Updated on 15 June 2016
Singapore: Tokyo-based Acucela Inc has received a written termination notice from Otsuka Pharmaceutical Co Ltd for the co-development and commercialization agreement between the Company and Otsuka Pharmaceutical relating to the company's product candidate emixustat hydrochloride and the development and collaboration agreement between the company and Otsuka Pharmaceutical relating to Otsuka Pharmaceutical's product candidate OPA-6566.
Acucela says that the receipt of this Notice will impact the company's preparation of its proxy materials for its annual meeting of shareholders and, therefore, the Company has decided to postpone its annual meeting of shareholders, previously scheduled for August 2, 2016, to a later date that has yet to be determined. A new record date will also be determined, indicated Acucela.
Otsuka Pharmaceutical and the company entered into the Emixustat Agreement in September 2008. In May 2016, the company announced that the Phase 2b/3 clinical trial (S.E.A.T.T.L.E. study) for the treatment of geographic atrophy (GA) secondary to dry age-related macular degeneration (AMD) did not meet its primary endpoint.

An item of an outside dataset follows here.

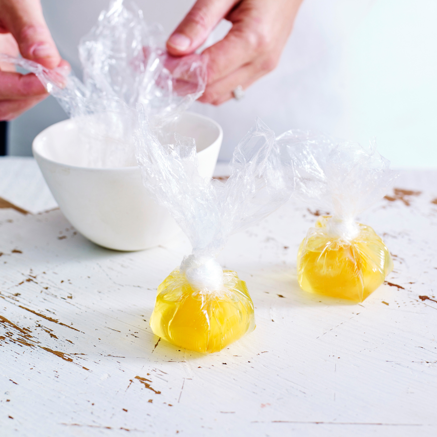 Gather ends of plastic to enclose egg, being sure to expel all the air. Twist firmly just above the egg, then tie securely. Repeat with remaining eggs.

The Notice was received by the company on June 13, 2016 and the termination of the Emixustat Agreement will be effective fourteen days from the date of the Notice. The company will discontinue further analysis of the clinical data from the S.E.A.T.T.L.E. study pertaining to GA secondary to dry AMD, which study was conducted in collaboration with Otsuka Pharmaceutical.
Acucela also indicated that it will continue its ongoing research to explore the benefits of emixustat for the treatment of retinal diseases. Currently, there is an ongoing Phase 2 trial of emixustat addressing proliferative diabetic retinopathy and the Company plans to initiate a clinical trial evaluating emixustat in patients with Stargardt disease by the end of 2016.